Data shown:

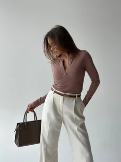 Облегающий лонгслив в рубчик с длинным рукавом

* * *

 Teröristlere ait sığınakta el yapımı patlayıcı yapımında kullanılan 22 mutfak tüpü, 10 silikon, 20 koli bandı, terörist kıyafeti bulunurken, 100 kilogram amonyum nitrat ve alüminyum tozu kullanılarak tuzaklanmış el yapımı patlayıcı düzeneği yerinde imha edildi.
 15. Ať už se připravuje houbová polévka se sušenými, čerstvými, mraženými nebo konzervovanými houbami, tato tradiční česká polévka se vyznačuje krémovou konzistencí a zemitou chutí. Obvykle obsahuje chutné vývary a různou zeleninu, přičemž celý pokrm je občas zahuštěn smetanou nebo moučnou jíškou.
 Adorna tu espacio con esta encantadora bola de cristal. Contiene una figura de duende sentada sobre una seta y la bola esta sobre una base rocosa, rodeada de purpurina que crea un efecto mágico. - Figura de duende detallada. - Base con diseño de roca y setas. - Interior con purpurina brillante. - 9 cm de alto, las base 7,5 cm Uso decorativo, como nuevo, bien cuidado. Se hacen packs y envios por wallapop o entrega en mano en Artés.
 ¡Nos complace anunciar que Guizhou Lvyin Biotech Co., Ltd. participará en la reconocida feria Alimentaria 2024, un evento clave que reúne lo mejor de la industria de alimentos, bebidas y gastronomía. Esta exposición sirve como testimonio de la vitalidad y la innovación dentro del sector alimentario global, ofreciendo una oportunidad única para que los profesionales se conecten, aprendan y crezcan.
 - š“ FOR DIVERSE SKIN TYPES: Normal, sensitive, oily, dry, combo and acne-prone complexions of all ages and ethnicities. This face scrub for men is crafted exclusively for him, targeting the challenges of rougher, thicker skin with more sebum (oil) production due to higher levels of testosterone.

Task instructions:
Transcribe each line of the data above, unaltered, from the one where "aprendan y crezcan." appears to the one where "levels of testosterone." appears, inclusive of both.

Result of this task:
 ¡Nos complace anunciar que Guizhou Lvyin Biotech Co., Ltd. participará en la reconocida feria Alimentaria 2024, un evento clave que reúne lo mejor de la industria de alimentos, bebidas y gastronomía. Esta exposición sirve como testimonio de la vitalidad y la innovación dentro del sector alimentario global, ofreciendo una oportunidad única para que los profesionales se conecten, aprendan y crezcan.
 - š“ FOR DIVERSE SKIN TYPES: Normal, sensitive, oily, dry, combo and acne-prone complexions of all ages and ethnicities. This face scrub for men is crafted exclusively for him, targeting the challenges of rougher, thicker skin with more sebum (oil) production due to higher levels of testosterone.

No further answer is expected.